Способная к пониманию самых тонких и отвлеченных понятий, она, как удивленный, испуганный ребенок, останавливалась перед всякой сухой и черствой реальностью. Она знала, что из этих реальностей — из фактов, цифр, из мелочных усилий — сплетается лестница, ведущая к идеалам; она любила и понимала идеалы, но ни одной ступени ведущей к ним лестницы не могла создать своими руками. В этом ей мешала утонченность ее вкусов и привычек и гордость — бессознательная, но, тем не менее, проникавшая все ее существо, гордость не столько знатной и богатой женщины, сколько человека, чувствующего, что сердцем, мыслью и умом он высоко стоит над уровнем пошлости и дюжинности, сознающего, что у него есть силы для свершения великих дел. За эту гордость — не знатностью, не имуществом, а скорей проистекавшую от возвышенного понимания жизни, гордость, только очень малой долею и совсем невольно вызывавшуюся аристократизмом происхождения и богатством, — она нередко горько упрекала себя; эта гордость вставала единственной преградой между нею и любимым ею человеком, и она противоречила ее глубокой религиозности, повелевавшей относиться ко всем людям на свете с любовью и снисхождением. Но, несмотря на все усилия, искоренить ее в себе она не могла — не по своей слабости или чрезмерной терпимости к себе, а потому, что свойство это передалось ей вместе с кровью десятка предыдущих поколений, укреплялось в атмосфере комфорта, поэзии, отрешения от повседневных дел и забот, наполняло ее родной дом, окружало ее со всех сторон в годы ее ранней юности, когда она росла и развивалась.

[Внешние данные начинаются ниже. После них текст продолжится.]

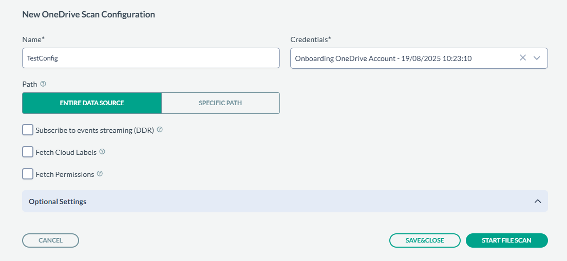 - Fetch Cloud Labels: If selected, then sensitivity (AIP) and custom labels will be fetched for each file discovered in the scan. This data will be available in Cloud Labels field in Enterprise search. However, enabling this option slows down the scan.
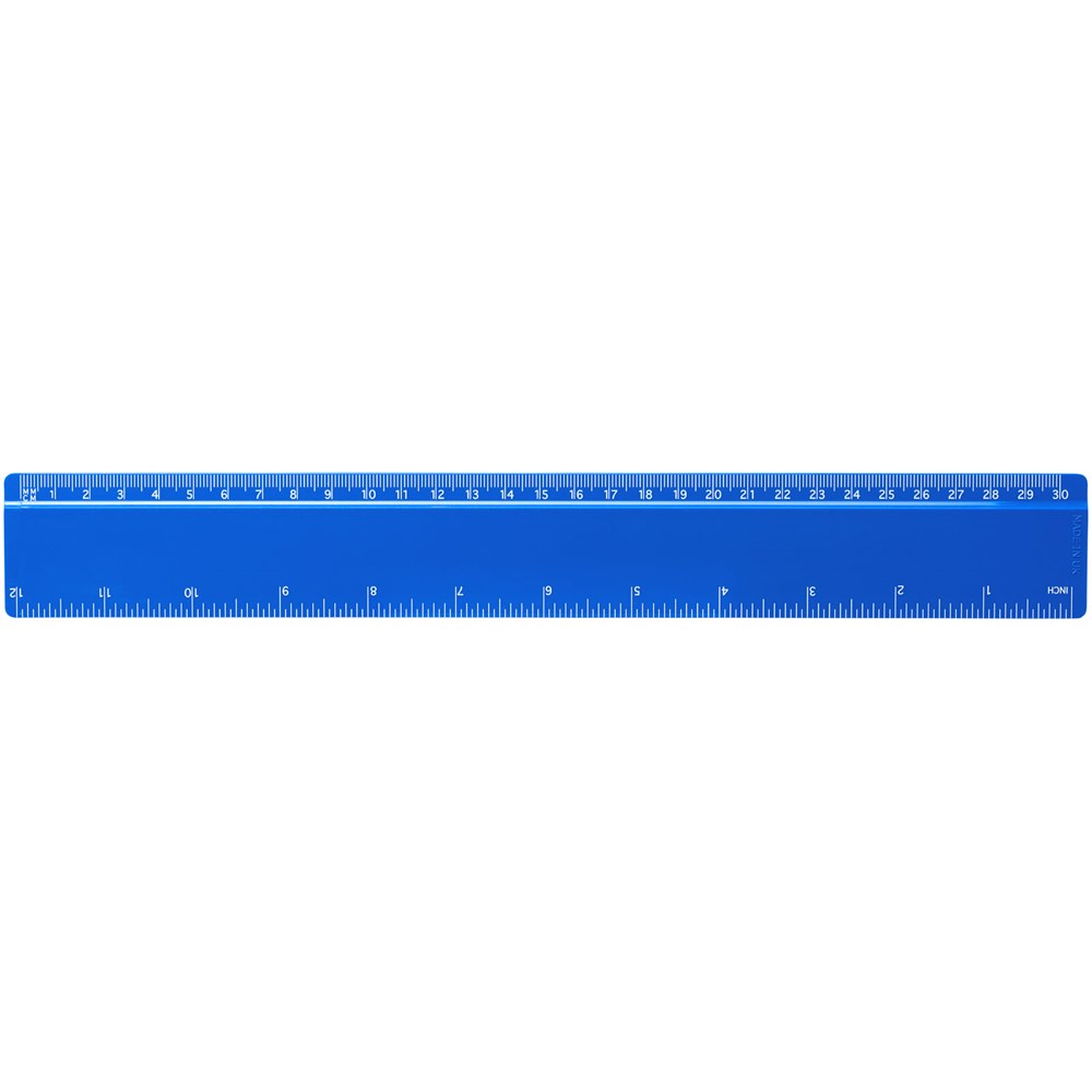 Stabiles Lineal aus recyceltem Kunststoff verfügbar mit Markierungen in Zoll und Zentimeter. mehr
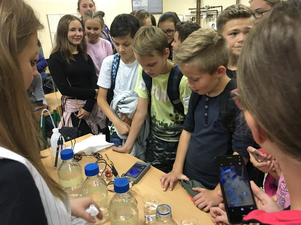 Kolejnym punktem programu był udział w zajęciach pt. „Chemia a środowisko”. Uczniowie dowiedzieli się, jak rozpoznać rodzaje i jakość różnych rodzajów wody, co jest istotne w ocenie jej dalszego wykorzystania. Podczas pokazów wykorzystany został wielofunkcyjny analizator z elektrodami, a także testy do szybkiego oznaczania wybranych wskaźników. Podczas Nocy Naukowców uczniowie wzięli udział także w konkursie matematycznym dla uczniów klas czwartych i piątych szkoły podstawowej zajmując II i III miejsca. Dużą atrakcją okazał się żyroskopowy symulator dla kierujących. Kto chciał, mógł przekonać się na własnej skórze, jak reaguje ciało podczas dachowania samochodu. Uczestnicy wyprawy odwiedzili również laboratorium, gdzie z wielkim zaciekawieniem obejrzeli pokaz programowalnych robotów.
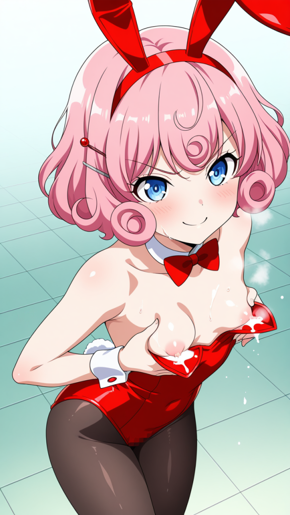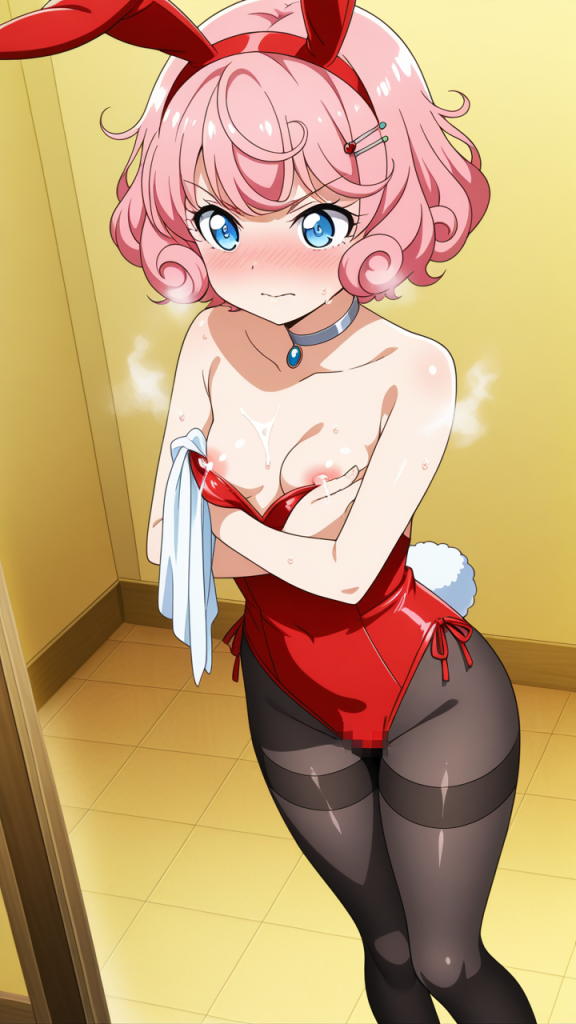 美少女,おっぱい,おしり,M字開脚,食い込み,乳首,パンツ,くぱぁ,母乳,ミルク,,ピンク髪のくせ毛ショート,水色の細めのクールな瞳,貧乳・小柄,黒と赤のバニースーツ、銀色のチョーカー、黒いニーハイソックス、赤いヘアピン,勝ち気で負けず嫌い、挑発的でツンデレ
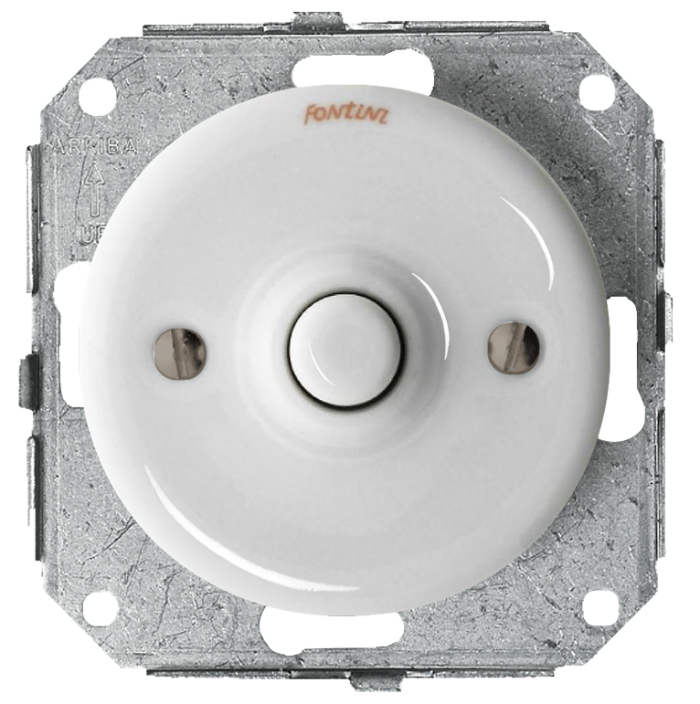 Seinään uppoasennettava painettava valkoinen katkaisin ilman kehystä, impulssikytkin.
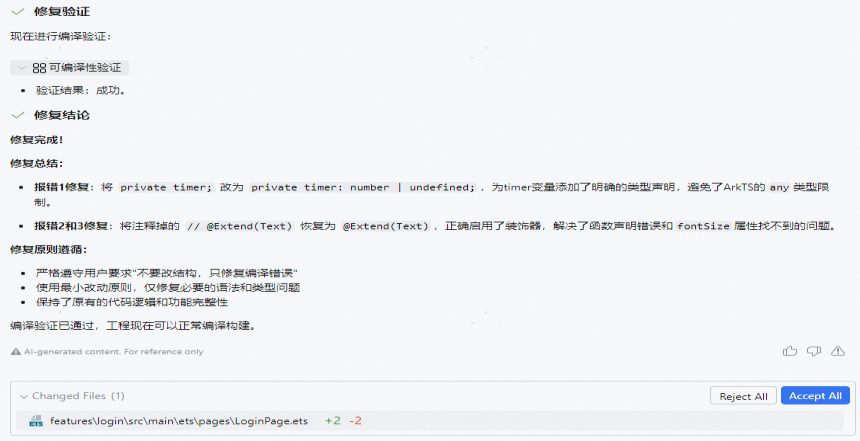 最重要的是,如果第一次修复后编译仍未通过,系统会自动提取新的报错信息,继续分析修复,直到完全通过为止。这种“持续追踪”的能力,让它不同于任何一次性建议工具。
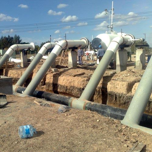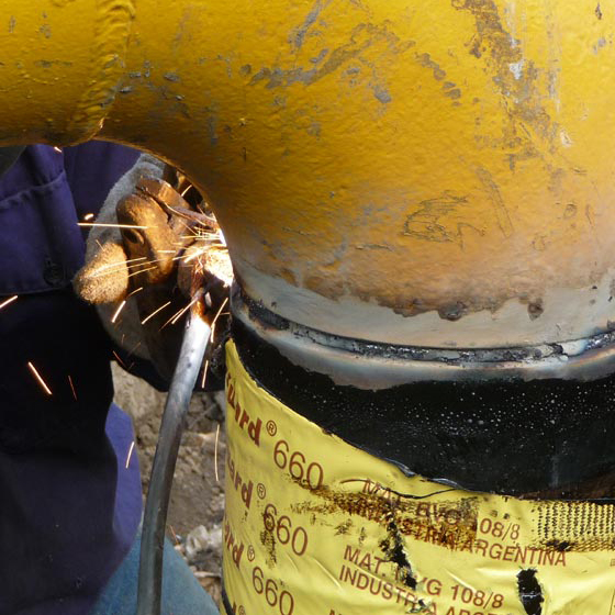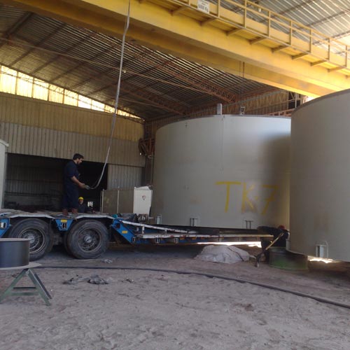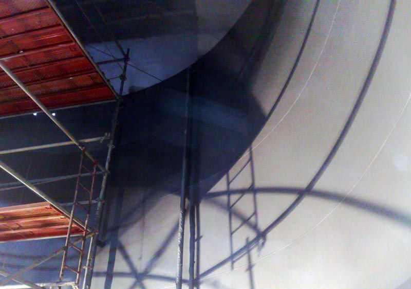 En el interior se realizó Granallado a grado SA3 y aplicación de 500 mic. De pintura Epoxy.

Потом, когда Андрея не было уже на земле, а круг знакомств и связей вдовы как-то сразу сузился, пани Корчинская пришла к соглашению с самою собой. Да! Как огонь с водой, так организмы высшие и низшие — существа, летающие и ползающие не могут примириться друг с другом. Аристократия духа, основывающаяся на любви ко всему, что чисто и прекрасно, существует и имеет право на существование; даже больше: она-то, может быть, и составляет единственно разумный элемент всей жизни человечества. К тому, что внизу, что трудится, грешит и, хотя бы с прекрасной душой, но заключенной в безобразную оболочку, влачит свое жалкое существование, нужно иметь снисхождение, при надобности подавать помощь, но не жертвовать никогда своим спокойствием, порывами духа, облагороженными вкусами и стремлениями. Пани Корчинская пришла к этому решению и уже со спокойным духом, как ничем не запятнанный лебедь, плыла по жизненной реке высоко над низинами, в которых копошились муравьи, квакали лягушки, прыгали воробьи, — одинаково далекая как от трудолюбивых насекомых, так и от легкомысленных пташек и отвратительных пресмыкающихся.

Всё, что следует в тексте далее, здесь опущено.